A Snapchat payroll employee opened the wrong email last week to damaging consequences.
The message was a phishing scam that impersonated Snapchat’s CEO Evan Spiegel.
In the email, a hacker posing as Spiegel requested payroll information for existing and ex-employees. The hacker then exposed that information to the outside world.
Snapchat issued a public apology to its workers in a blog post on Sunday.
The incident took place on Friday, according to the post. Within four hours, the startup confirmed that it was an “isolated” problem and reported it to the FBI.
Luckily, no servers were breached. No user data was taken. But “a number of our employees have now had their identity compromised.

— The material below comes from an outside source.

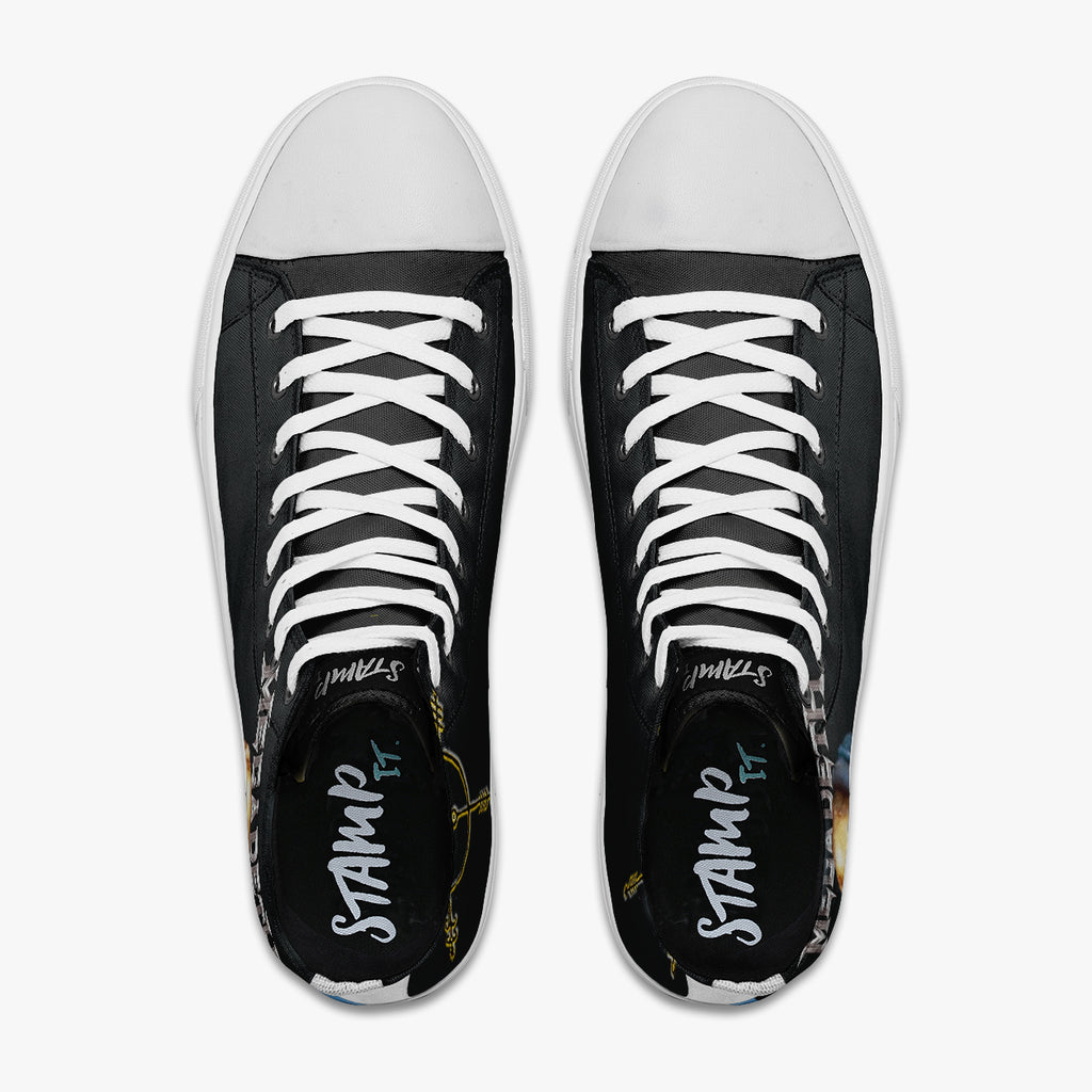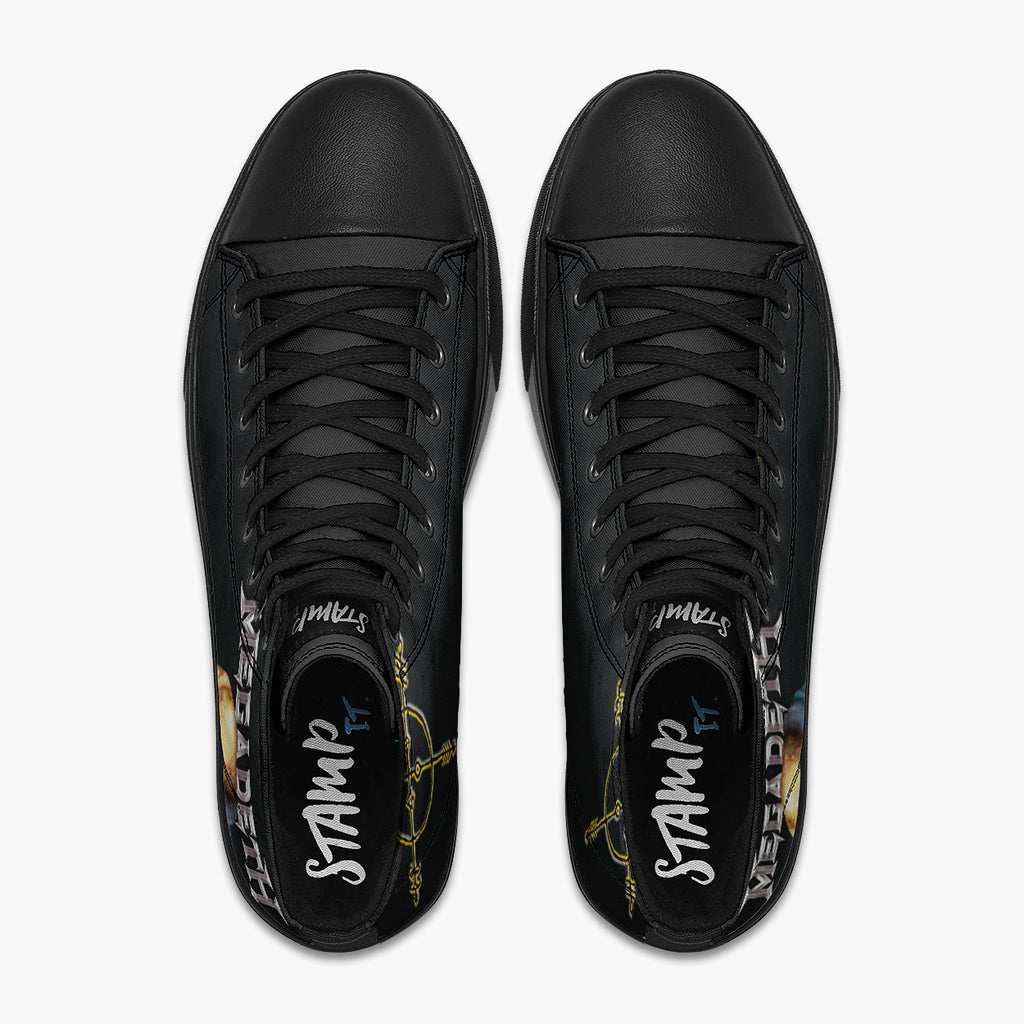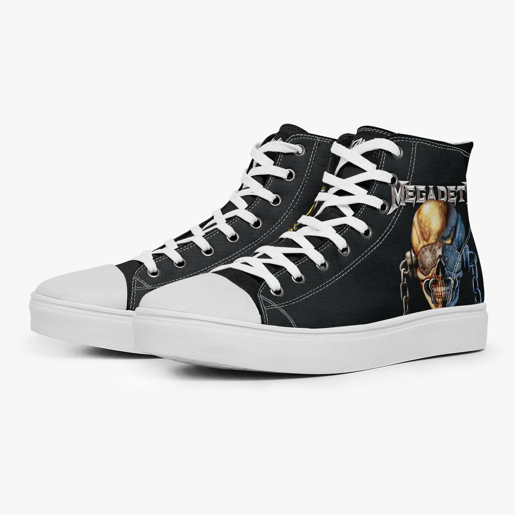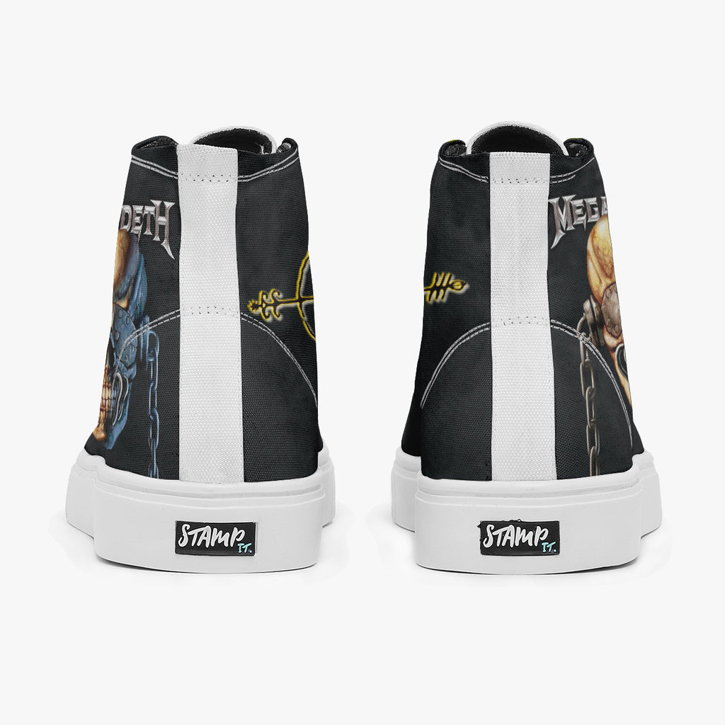 Tênis Cano Alto Megadeth Peace Sells, confeccionado em lona, com cores e estampas exclusivas.

And for that, we’re just impossibly sorry,” Snapchat says.
The startup has contacted all of the employees who were impacted by the scam, and offered them offered two years of identity-theft monitoring and insurance. Snapchat says it has strengthened its training programs too.
Phishing scams like this one are simple by design — a malicious actor pretending to be a trusted source. But its effects can be disastrous and complicated, as the Sony hack proved. All it takes is duping the one person who has all the right keys.
The way that Snapchat secures information has been of public interest since 2013, when the app started to gain massive popularity.
At the end of that year, cybersecurity researchers warned the company that hackers could find a way to expose people’s identities by linking phone numbers with user names.
Snapchat didn’t heed those warnings properly, and a day into the 2014 New Year, a database of 4.6 million numbers and user names were leaked online. The startup’s security problems escalated further that year when hackers also raided a third-party app and stole tens of thousands of photos and videos.
Since those breaches, Snapchat has been sensitive to the way it responds to any security-related issue. The startup has been quicker to admit to, apologize for, and fix its mistakes.
“We’re a company that takes privacy and security seriously,” Snapchat’s latest explanation reads. “So it’s with real remorse–and embarrassment–that one of our employees fell for a phishing scam.”